Hospital readmission after hip fracture

Stephen L. Kates, Caleb Behrend, Daniel A. Mendelson, Peter Cram, Susan M. Friedman

Research output: Contribution to journalArticlepeer-review

Abstract

Introduction: Readmission to the hospital following a hip fracture is common, often involves an adverse event, and strains an already overburdened health care system.

Objectives: To assess the rate of 30-day readmission to the hospital after discharge for care of hip fracture. A secondary objective was measurement of the 30-day mortality rate for those patients readmitted versus those patients not readmitted to the hospital after discharge.

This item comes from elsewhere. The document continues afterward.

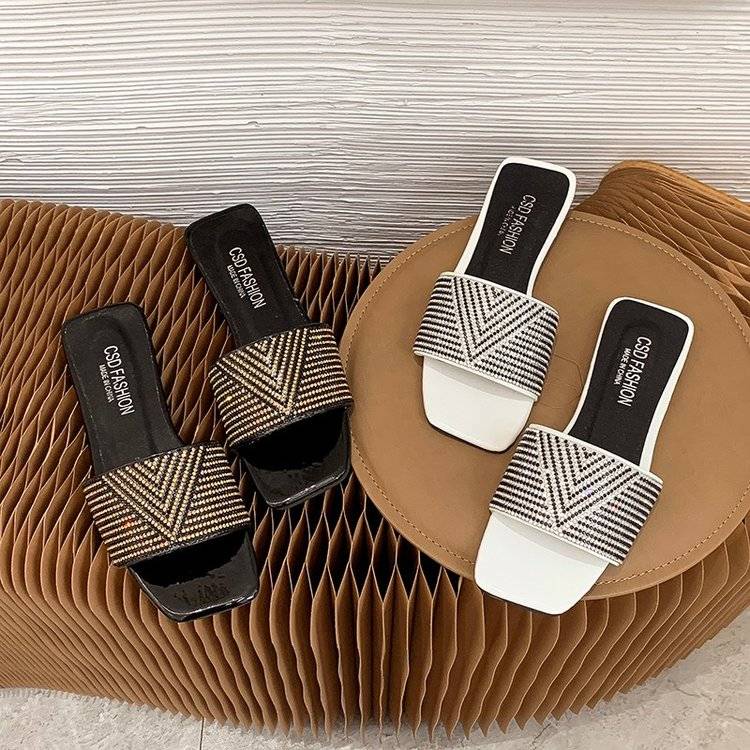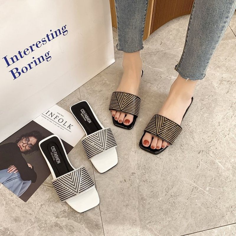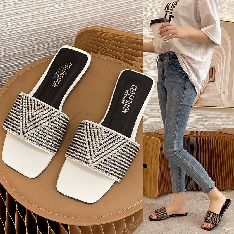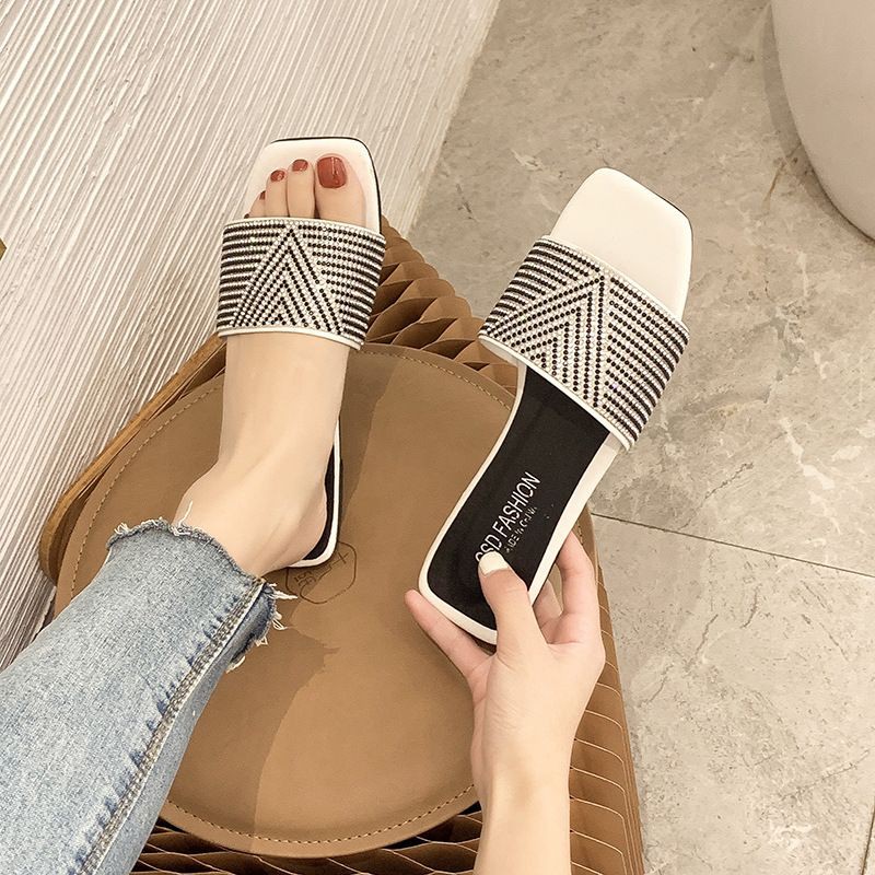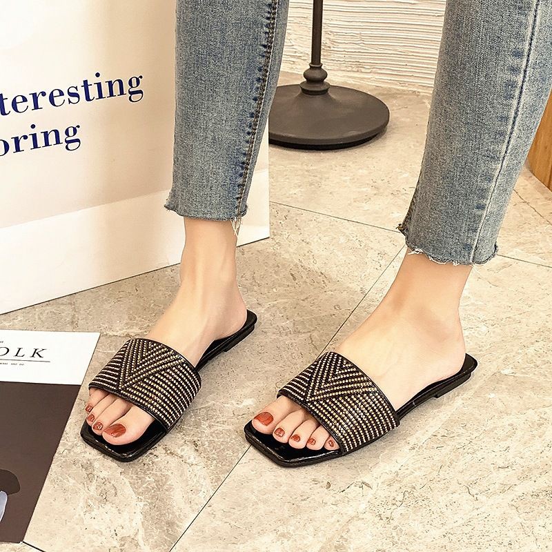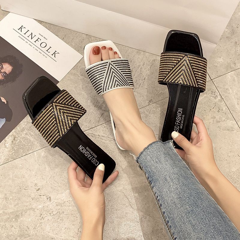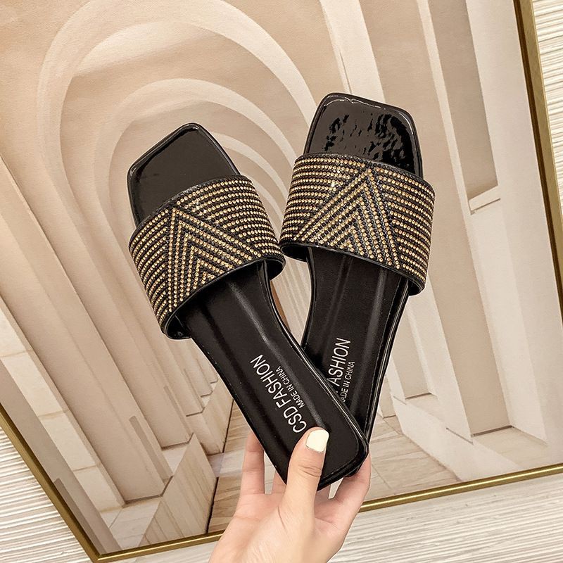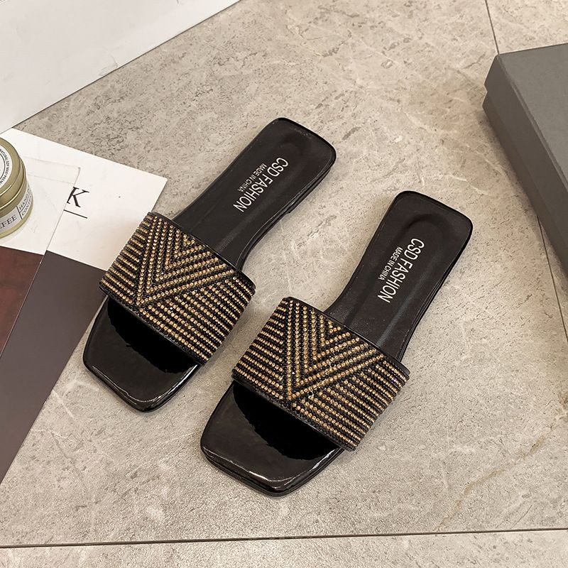 รองเท้าแตะแฟชั่นผู้หญิง ส้นแบน ดีไซด์เกาหลีสายคาดวิบวับ มี 2 สี 2VV

Materials and methods: Study design was a retrospective review of registry data comparing readmitted patients to those not readmitted after hip fracture. Setting was a university affiliated level 3 trauma center. Participants: 1,081 patients aged 65 and older. Measurements: rate of readmission, rate of mortality, predictors of readmission.

Results: 129 patients (11.9 %) were readmitted to the hospital within 30 days of their initial discharge date. The primary causes of readmission were surgical in nature for 24/129 (18.6 %) patients and 105/129 (81.4 %) were readmitted for medical or other reasons. Twenty-four (18.6 %) patients who were readmitted died during readmission. The one-year mortality rate for patients readmitted within 30 days was 56.2 vs. a 21.8 % 1-year mortality rate for those patients not readmitted (p < 0.0001). Independent predictors of readmission were age >85 (OR = 1.52; p = 0.03), time to surgery >24 h (OR = 1.50; p = 0.05), Charlson score ≥4 (OR = 1.70; p = 0.04), delirium (OR = 1.65; p = 0.01), dementia (OR = 1.61; p = 0.01), history of arrhythmia with pacemaker placement (OR = 1.75; p = 0.02), and presence of a pre-op arrhythmia (OR = 1.62; p = 0.02).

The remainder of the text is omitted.